Copy the records below exactly, starting at the line that contains "Chicken Breast with" and ending at the line that contains "Bea Nettles (American, born"; leave out any pictures.

Items from a dataset
□ □ □ □ □ □ □
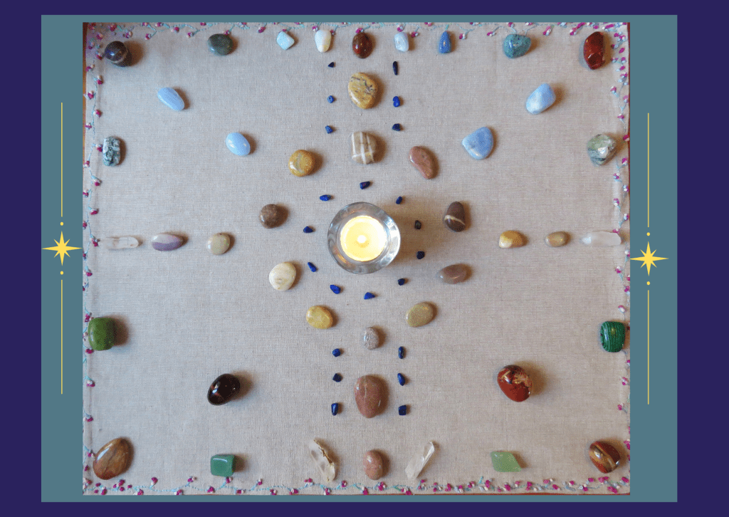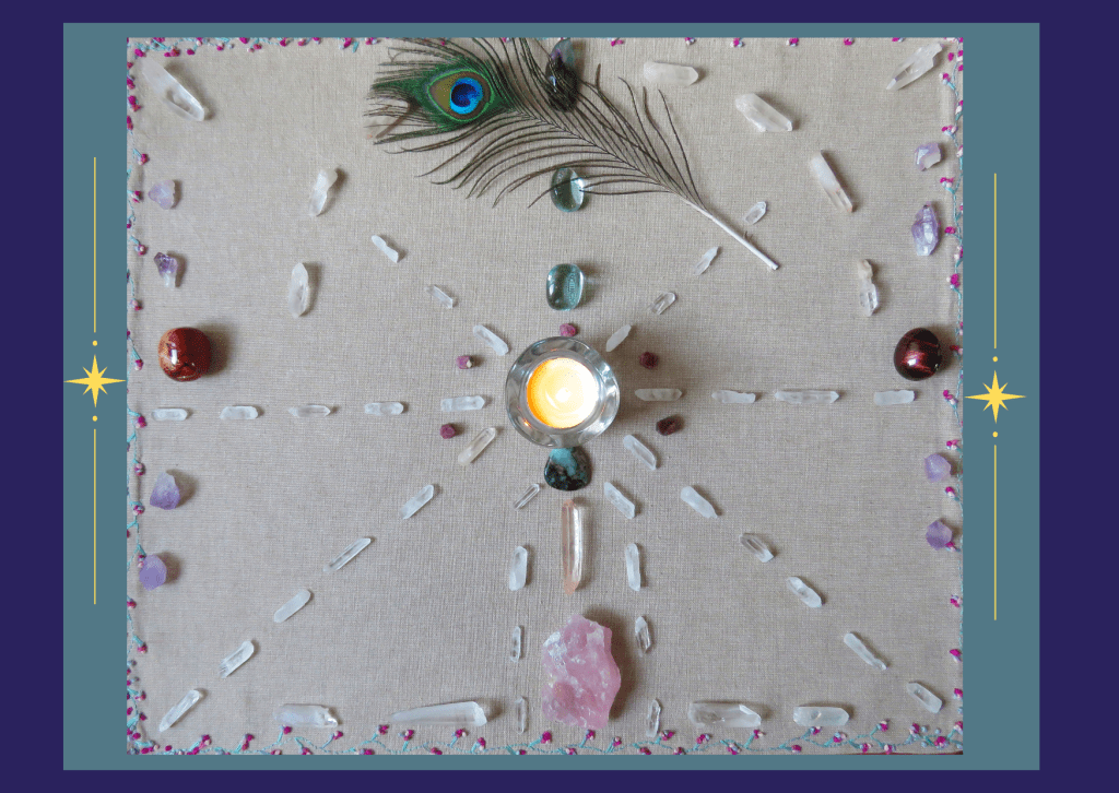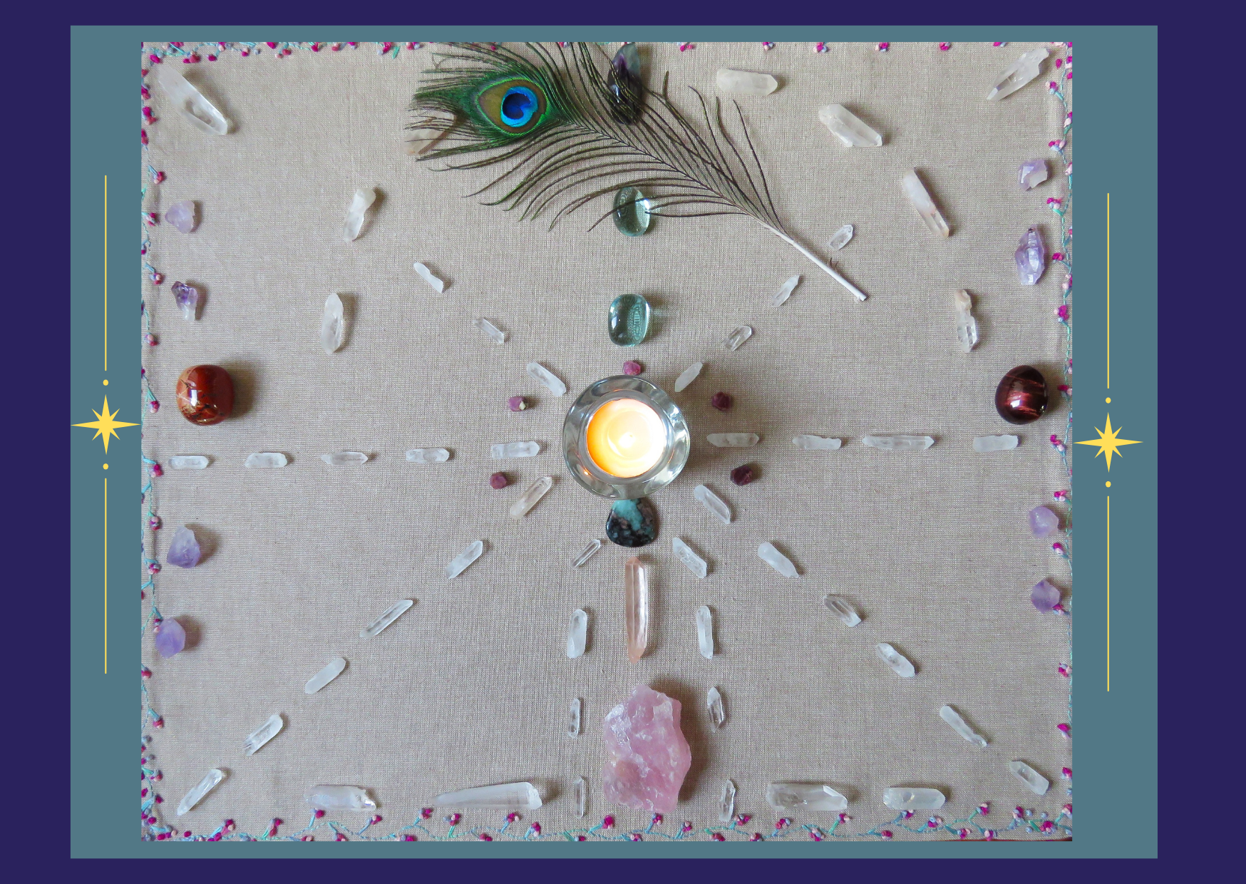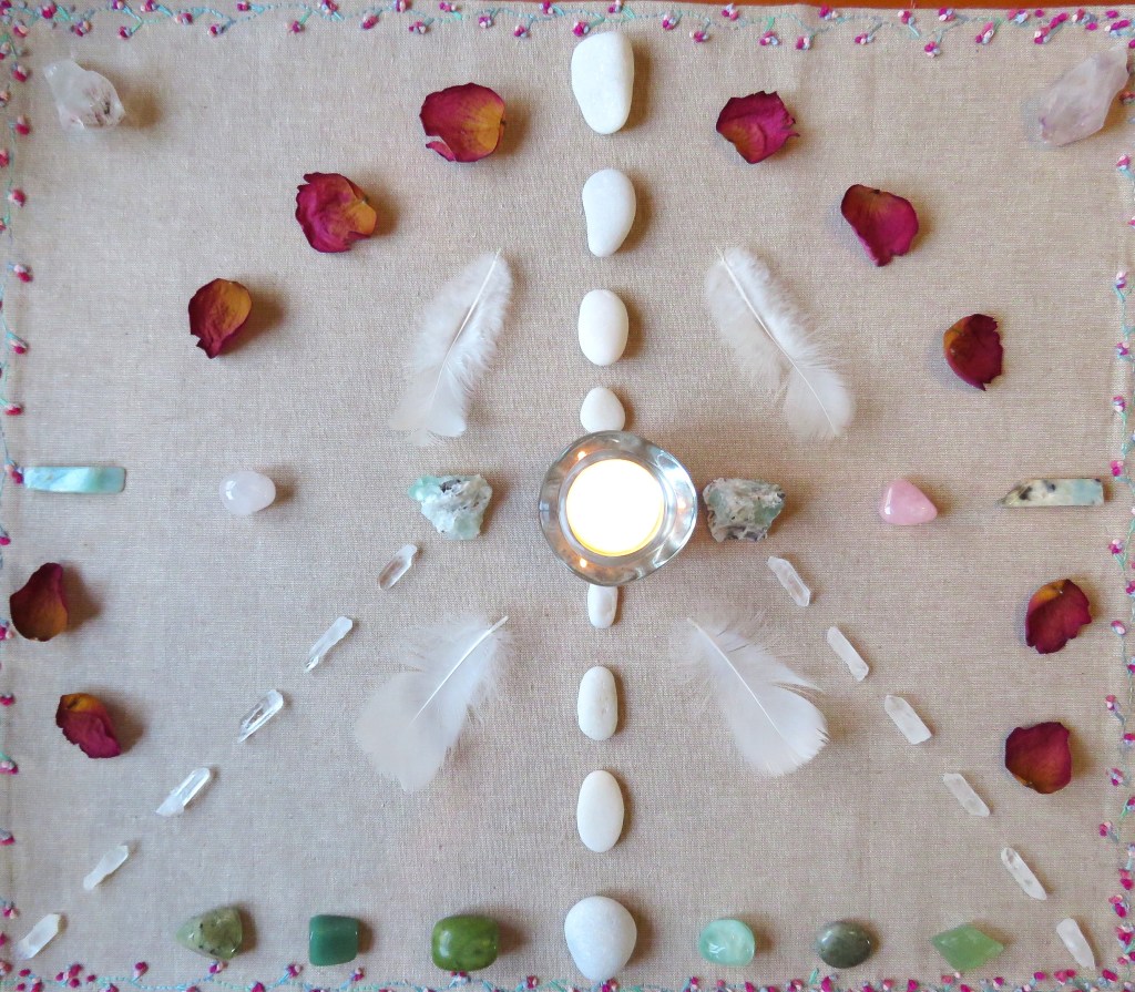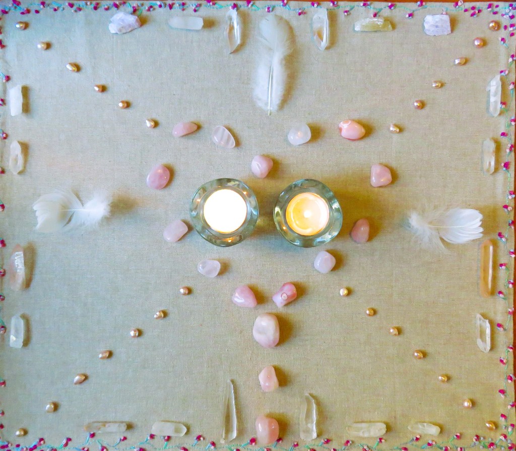 The grid needed to have more fire than usual, so four candles were placed, each one in its own corner. Once the flames were lit, I was instructed to place water in the center. Next, the quartz crystal circle was aranged around the water. This circle felt like a representation of the stone circles. Then an amethyst point was placed in North, South, East and West of the grid, connecting the circle to each of the four directions and holding all in balance.
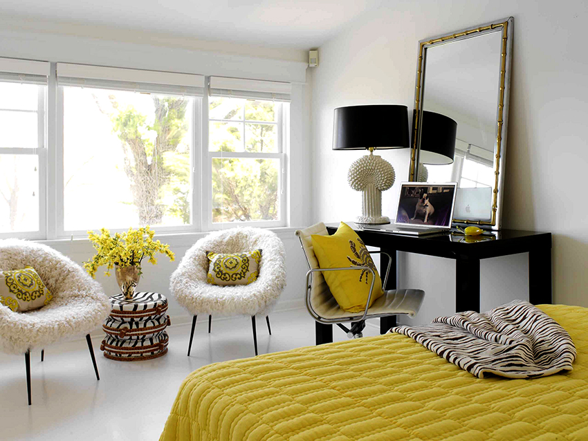 Con la ayuda de una mesa de esquina con espejo, se soluciona perfectamente el problema con la esquina que está al lado de la ventana. En este caso, la cama se coloca con la cabecera contra la pared, por lo que solo quedan 70-80 cm desde la esquina hasta el alféizar de la ventana. La mayoría de las personas están seguras de que solo se puede instalar una mesita de noche pequeña, pero este no es el caso: una mesa de esquina puede caber perfectamente allí.
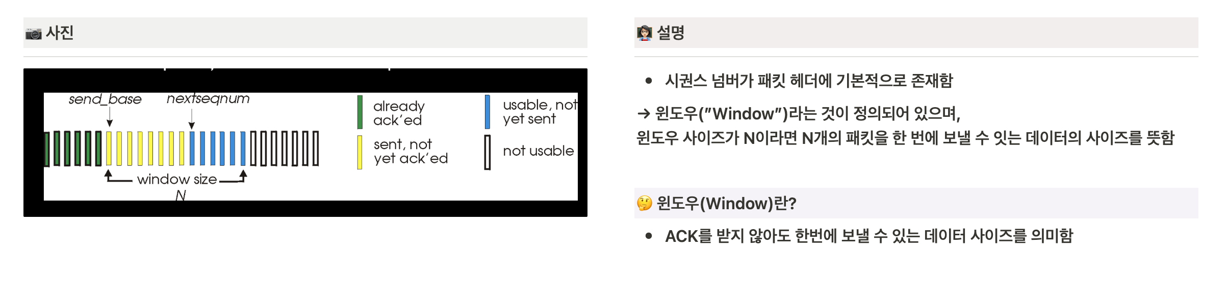 - 파란색 부분 = Window사이즈가 N이며, 아직 해당 부분을 더 보낼 수 있다는 부분(ACK가 도달하지 않아도, 이부분까지는 더 보낼 수 있음을 의미함)
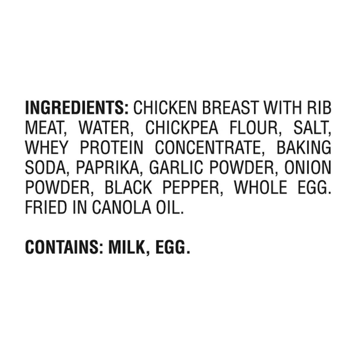 Chicken Breast with Rib Meat, Water, Chickpea Flour, Salt, Whey Protein Concentrate, Baking Soda, Paprika, Garlic Powder, Onion Powder, Black Pepper, Whole Egg, Fried in Canola Oil.
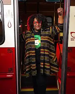 In 2020, Browder designed a mural for Black Lives Matter that was painted near the site of Montgomery's former slave market and was featured on The TODAY show.[23] Browder's work has been featured in The New York Times as a notable representation of Montgomery's complicated past[24] and as a representation of the evolution of civil rights[17] as well as commemorating the centennial ratification of women's right to vote.[25] She was the designer and artist of #TheMarchContinues Mural at the Southern Poverty Law Center.[26][27]
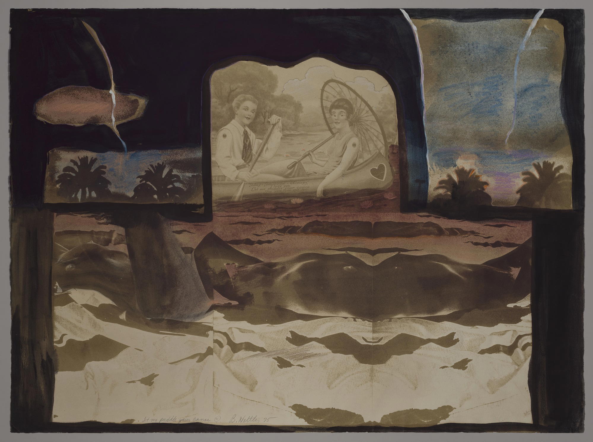 Bea Nettles (American, born 1946). Let Me Paddle Your Canoe, 1975. Printed on artist’s paper using non-silver processes and hand coloring, 19 × 25 in. (48.3 × 63.5 cm). Brooklyn Museum, Gift of the Artist with additional support from the Emily Winthrop Miles Fund, 2023.25.1. © Bea Nettles. (Photo: Brooklyn Museum)
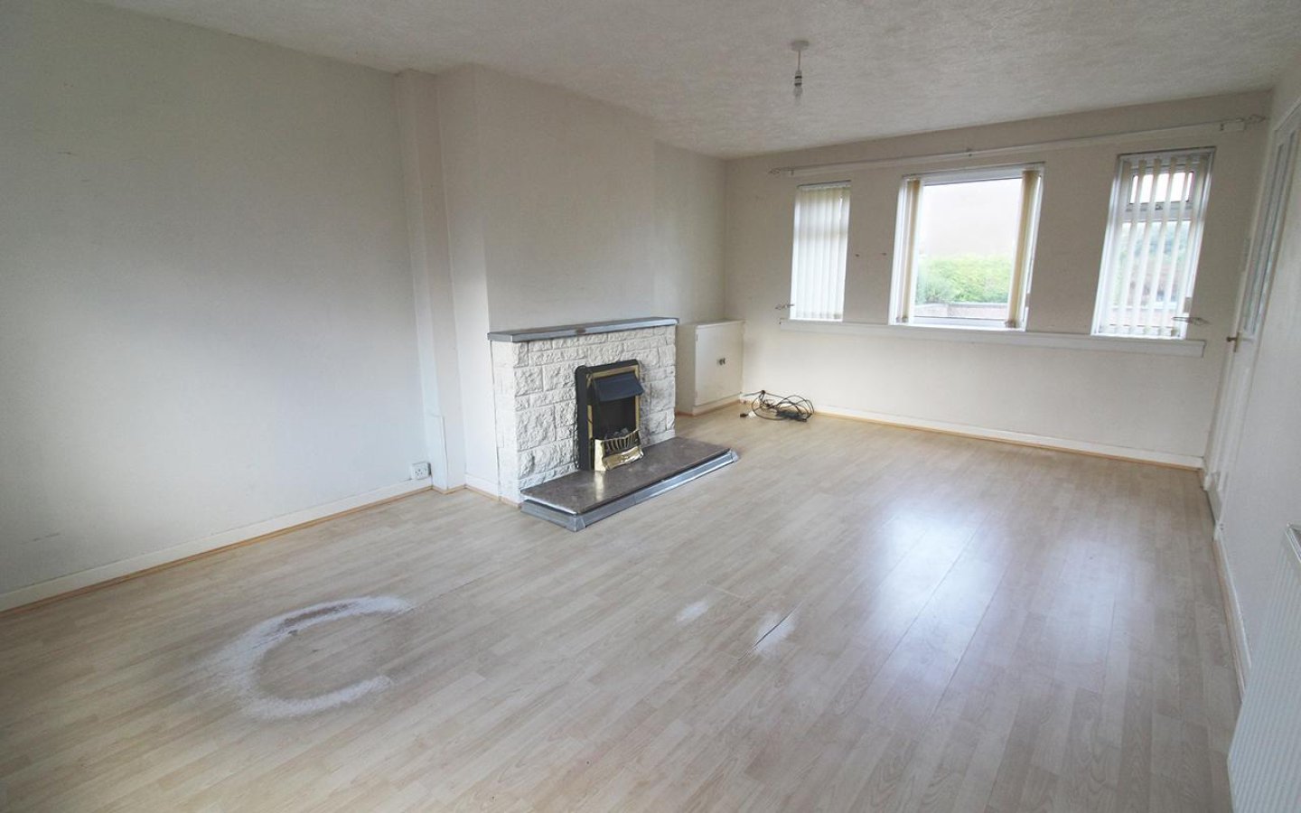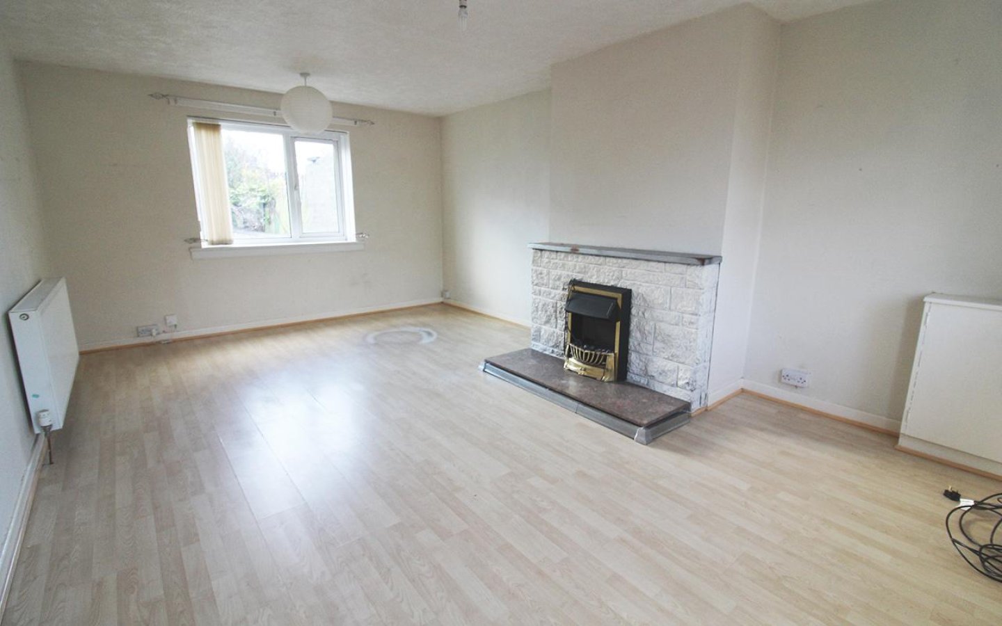 The living room is a bright room with windows overlooking both the front and rear garden. An electric fire sits within the stone fire surround which has a wooden mantle. The living room has laminate flooring and a cupboard houses the electric meter.
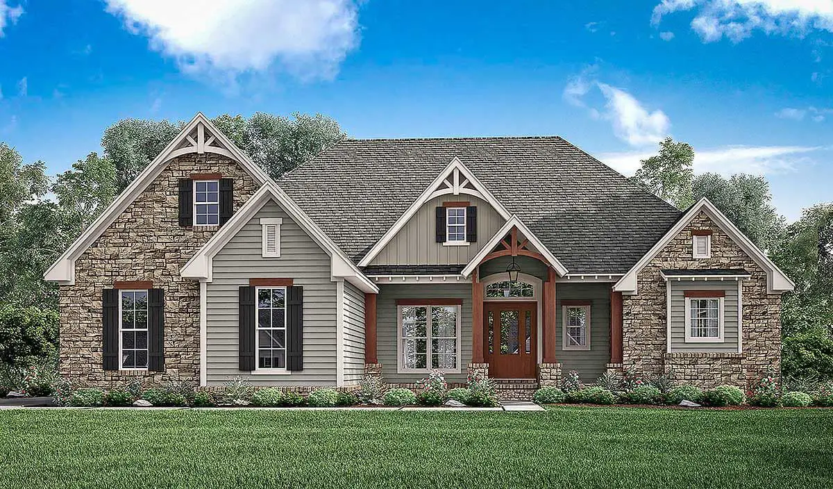The exterior leans into rustic-Craftsman charm: expect mixed materials (wood/stone accents typical of Craftsman style), a welcoming front — possibly with a porch — and a form that blends traditional warmth with functional simplicity.
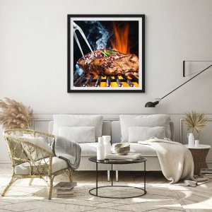 - Deze poster toont een gegrilde biefstuk met aromatische kruiden, omringd door vuur en rook. Perfect voor een keuken of restaurant, inclusief een zwarte lijst van 50x70 cm.
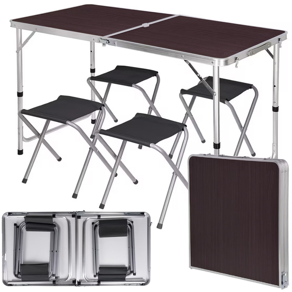 ZESTAW STOLIK STÓŁ TURYSTYCZNY SKŁADANY KEMPINGOWY DUŻY 4 KRZESŁA WALIZKASkładany stolik turystyczny ma aluminiową ramę, co zapewnia lekkość i wytrzymałość. Na ramie znajduje się blat wykonany z trwałego i łatwego w czyszczeniu tworzywa sztucznego. Stolik turystyczny składany może być wykorzystywany w różnych sytuacjach, takich jak piknik, kemping, imprezy plenerowe, czy podczas grilla ze znajomymi. Jest to również idealny wybór do użytku w ogródku, na tarasie czy na balkonie.Zestaw stolik turystyczny z krzesełkami jest bardzo łatwy w użyciu. Można go szybko złożyć i rozłożyć, dzięki czemu jest bardzo praktyczny w podróży. Po złożeniu zajmuje niewiele miejsca, co ułatwia jego przechowywanie i transport.Stolik ma regulowaną wysokość nóg, co sprawia że można go dopasować do indywidualnych potrzeb.Cały zestaw składa się do jednej zamykanej walizki, którą można przenosić dzięki mocnej rączce.Po rozłożeniu stolika, można zamocować w blacie parasol o średnicy rurki około 2,5cm✅ Wysoka jakość wykonania✅ Na kemping✅ Stabilny✅ Wytrzymały✅ Składany✅ Regulowana wysokość✅ Antypoślizgowe nóżki✅ Miejsce na parasol✅ Grubość rurki: 1,5cm✅ Waga zestawu: 6,7kg✅ Kolor blatu stolika: ciemny brąz✅ Kolor siedziska krzesełek: czarnyWYMIARY STOŁU:✅ Szerokość: 60cm✅ Długość: 120cm✅ Wysokość regulowana: 55cm, 62cm, 70cmWYMIARY KRZESEŁKA:✅ Wysokość: 36cm✅ Szerokość: 33cm✅ Szerokość materiału: 22cm
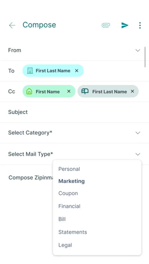 Zipinmail is your Virtual Mailbox. Zipinmail delivers mail digitally to your mailing address. Your Virtual Mailbox address is the same as your mailing address. You can access your mailbox in your cell phone.
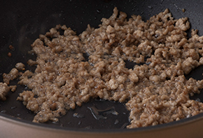辛いのがお好きな方はひき肉を炒めるタイミングで豆板醤小さじ1又は唐辛子1本を加えてください。
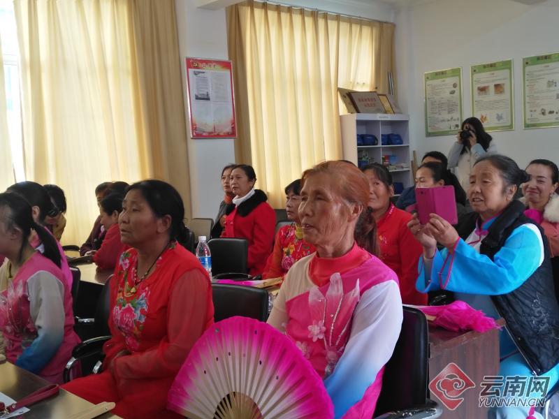 弥渡县弥城镇建宁社干部、各村组干部和姚芹村开心姐妹花灯队队员在姚芹村村民活动场所观看大会
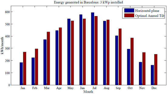 Moreover, it can be observed how the energy that could be obtained in a photovoltaic installation located at Barcelona is less than could that one that be obtained in Jaén for a system with the same installed power. In Barcelona, 4518.19 kWh and 5004.02 kWh could be obtained annually with a system consisting of modules placed horizontally and positioned to the optimal tilt, respectively. In Jaén the results would be 5111.34 kWh and 5592.23 kWh. This is due to the greater amount of radiation in the city located in the south of Spain. As mentioned in previous sections, the energy generated by a system is directly proportional to the energy reached at the system.
□ □ □ □ □ □ □
## Expected answer
 Chicken Breast with Rib Meat, Water, Chickpea Flour, Salt, Whey Protein Concentrate, Baking Soda, Paprika, Garlic Powder, Onion Powder, Black Pepper, Whole Egg, Fried in Canola Oil.
 In 2020, Browder designed a mural for Black Lives Matter that was painted near the site of Montgomery's former slave market and was featured on The TODAY show.[23] Browder's work has been featured in The New York Times as a notable representation of Montgomery's complicated past[24] and as a representation of the evolution of civil rights[17] as well as commemorating the centennial ratification of women's right to vote.[25] She was the designer and artist of #TheMarchContinues Mural at the Southern Poverty Law Center.[26][27]
 Bea Nettles (American, born 1946). Let Me Paddle Your Canoe, 1975. Printed on artist’s paper using non-silver processes and hand coloring, 19 × 25 in. (48.3 × 63.5 cm). Brooklyn Museum, Gift of the Artist with additional support from the Emily Winthrop Miles Fund, 2023.25.1. © Bea Nettles. (Photo: Brooklyn Museum)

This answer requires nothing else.